阿武山(あぶさん)と栗本軒貞国の狂歌とサンフレ昔話

コロナ禍は去りぬいやまだ言ひ合ふを
ホッホッ笑ふアオバズクかも

by小林じゃ

原野商法

2020-02-17 17:41:57 | 日記
 もう一つ母方の祖父の話。やはり私が小学生の時、祖父は訪ねてきた業者から別荘用の土地をすすめられて、百万円で購入した。これも五十年近く前の話だ。しかしその後業者と連絡が取れなくなってしまった。土地は当地から遠く離れた離島にあって、祖父はその島と同県在住の友人に調べてもらうべく、契約書等を郵送したようだ。ところが程なく祖父は癌をわずらって亡くなり、その数年後に祖父の友人のじーさんが訪ねてきてうちに一泊したのを覚えているけど、島の土地については調べてもよくわからなかったと言っていた。その時書類を返してもらったかどうかは、私はまだ中学生ぐらいであったし関わっていない。もちろん業者からは音沙汰もなく、百万円持ち逃げされたものと思っていた。

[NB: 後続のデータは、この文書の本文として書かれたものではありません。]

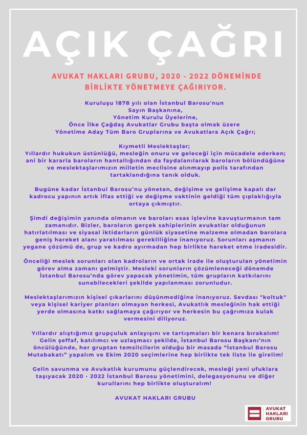 2016’dan bu yana İstanbul Barosu seçimlerinde yarışan ve öncelikli meselesini Avukat Hakları olarak belirleyen Avukat Hakları Grubu[1], İstanbul’daki tüm avukatlara ve baro seçim gruplarına açık bir çağrı yaptı. Tarihi nitelikteki bu çağrıda: yıllardır hukukun üstünlüğü, mesleğin onuru ve geleceği için mücadele edilirken; ani bir kararla baroların bölündüğüne, avukatların ve baro başkanlarının TBMM’ye alınmamasına, polis tarafından tartaklandığına dikkat çekilerek, bugüne kadar İstanbul Barosu’nun, değişime ve gelişime kapalı dar kadrocu sisteminin iflas ettiği ve değişme vaktinin geldiği vurgulandı.

 ところが、9年前のこと、ある空港の管理事務所から母宛に突然封書が届いた。開けてみると、所有の土地の立木が空港の高さ制限に引っかかるから入って木を切る同意書にサインして送り返してほしいと書いてあった。母名義の土地がその島に確かに存在していることがわかった。そして、番地が書いてある。グーグルアースで調べたら、空港の近くの小山だろうか、トンネルの上の林に赤い矢印がついた。なるほど地下はトンネル、上は立木が空港の高さ制限となれば、全く利用価値の無い土地で、税金も来ないはずだ。持ち逃げではなく、祖父は原野商法に引っかかったものだと、やっとわかった。

 この出来事は、祖父から五十年ぶりに手紙が来たような感じもして懐かしくもあり、すでに笑い話みたいなものだった。母も先方に電話をかけて、言っても仕方がないいきさつをくどくど話していた。管理事務所の方にはさぞかし迷惑な話を聞かされたのではないかと思う。そして、五十年前に祖父がだまされて購入した土地を写真で眺められたことも感慨深かった。今の時代はこういう原野商法に引っかかる人はまずいないのではないか、その分新手の詐欺が増えているのだろうけど。

 残る問題は、この土地を将来私が相続するかどうか。なにせ権利書も何もないのだから、現地に行って手続きするような事なら、ほっといた方が良いかなとも思う。森林税みたいな税金がかかるようになったら、物納したいかもしれない。その前に一度訪れて、いや、グーグルアースで見れば十分だ。もしその島に行くことがあったとしても、その時は他の名所を見てまわりたいものだ。


【追記】相続について調べてみたところ、税金かからないならほっとけと書いてあるものもあり、また、所有者不明の土地が増えていることから所有権放棄できる制度を政府が検討中との話もあった。早くそうなってほしいものだ。また、原野商法の詐欺は過去のものではなく、売ってやるなどと言ってさらにお金を要求する二次被害は今も続いていることがわかった。笑い話ではなかった。ここにそういうコメントが来たりするのだろうか。